### Data block
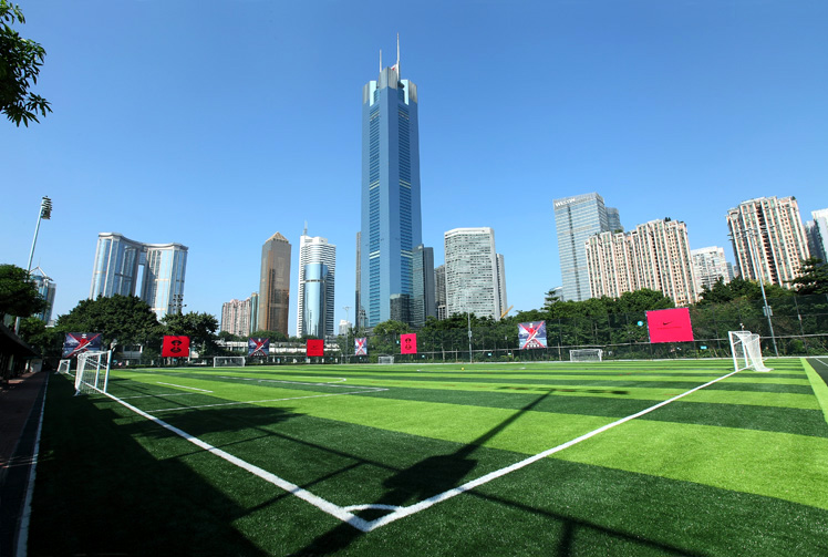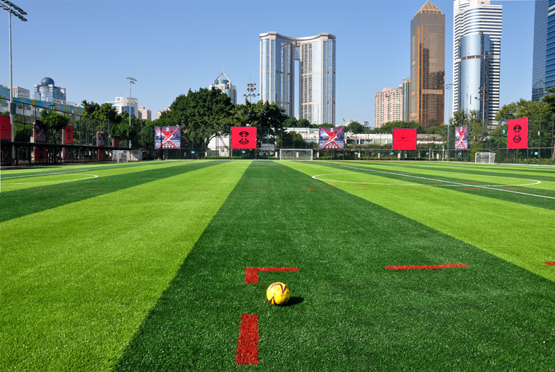 人造草坪的选择:为顺应国家倡导的环保、绿色及健康要求,人造草坪选择使用了高规格爱奇可回收环保人造草产品,底部为无色无味的高性能环保透明背胶,100%可回收。高磅重创新结构的草丝挺度更佳,均一的球与草坪的相互作用表现,为球员提供更好的控球感,更合理的草丝分布方式可以减轻场地使用寿命内填充物板结的现象。
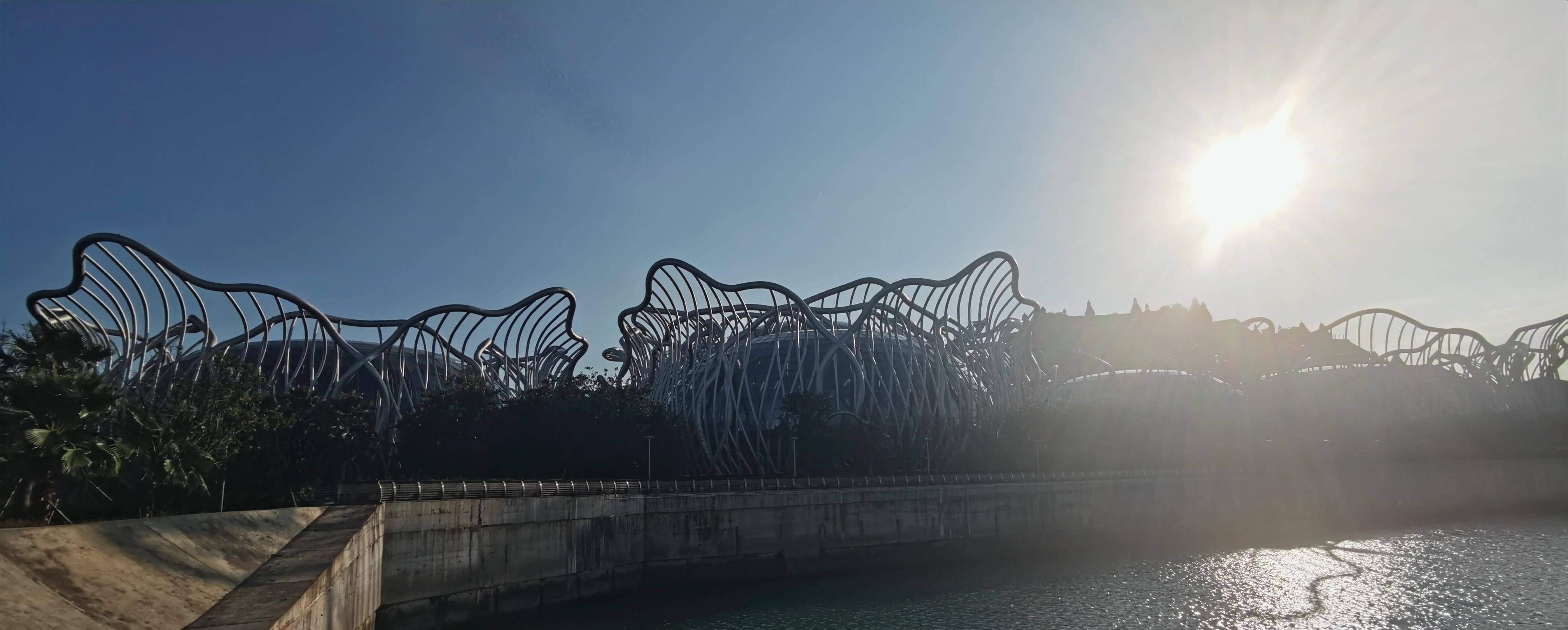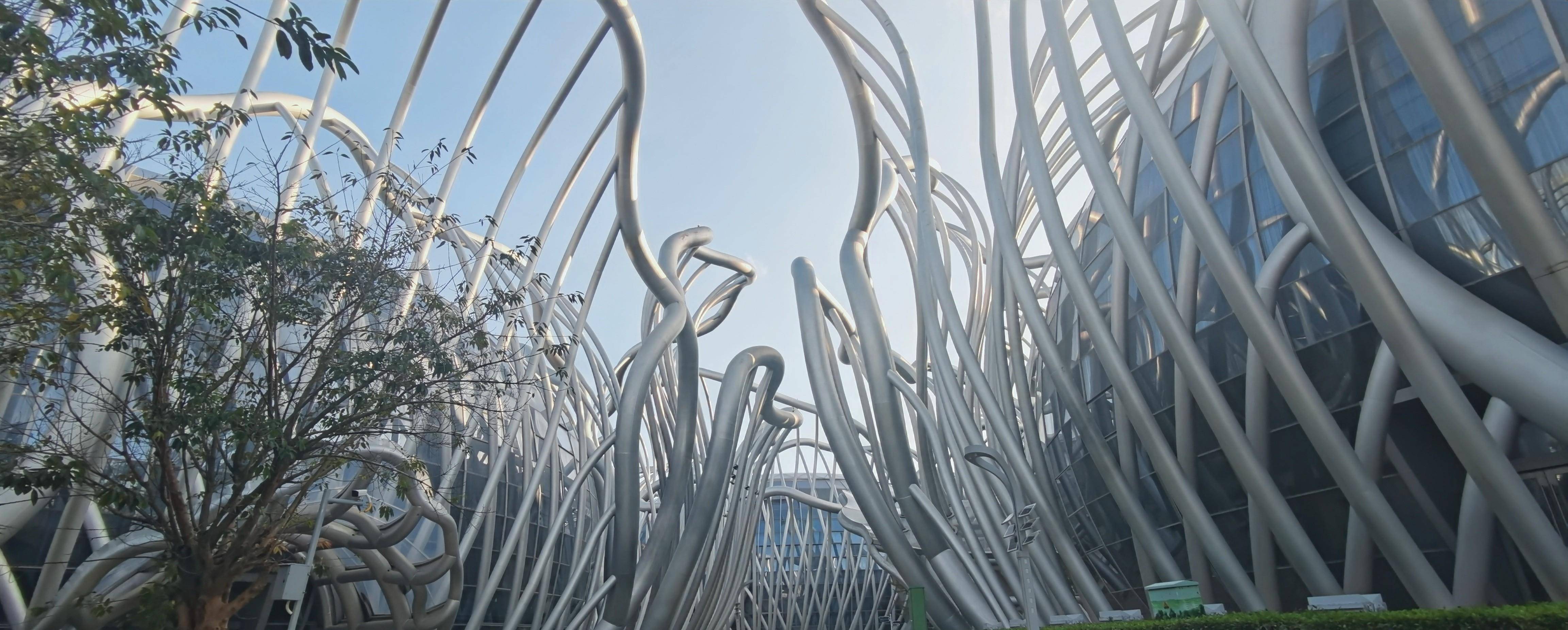 前方出现了很魔幻的建筑,像是一些在空中凌乱地飞舞着的钢管。
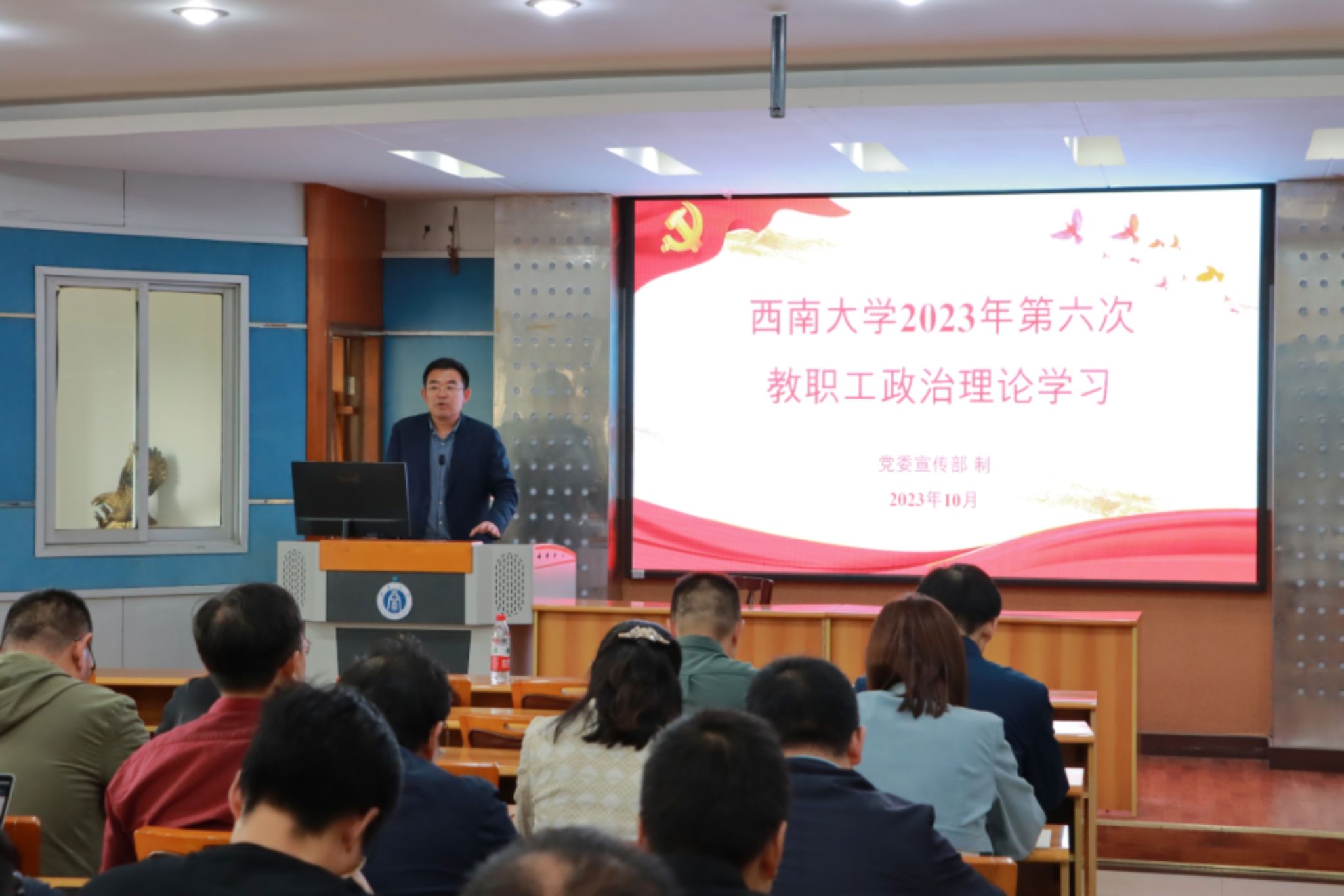 潘玉锋带领大家学习了习近平总书记关于意识形态工作的重要论述。他强调,意识形态工作一定要把围绕中心、服务大局作为基本职责。高校是意识形态工作的前沿阵地,每位老师应该做到守土有责、守土负责、守土尽责。

### Work request
From the line containing "前方出现了很魔幻的建筑,像是一些在空中凌乱地飞舞着的钢管。" through the last line of the listing, inclusive, transcribe every line exactly and nothing else; the pictures stay out.

### Response area
 前方出现了很魔幻的建筑,像是一些在空中凌乱地飞舞着的钢管。
 潘玉锋带领大家学习了习近平总书记关于意识形态工作的重要论述。他强调,意识形态工作一定要把围绕中心、服务大局作为基本职责。高校是意识形态工作的前沿阵地,每位老师应该做到守土有责、守土负责、守土尽责。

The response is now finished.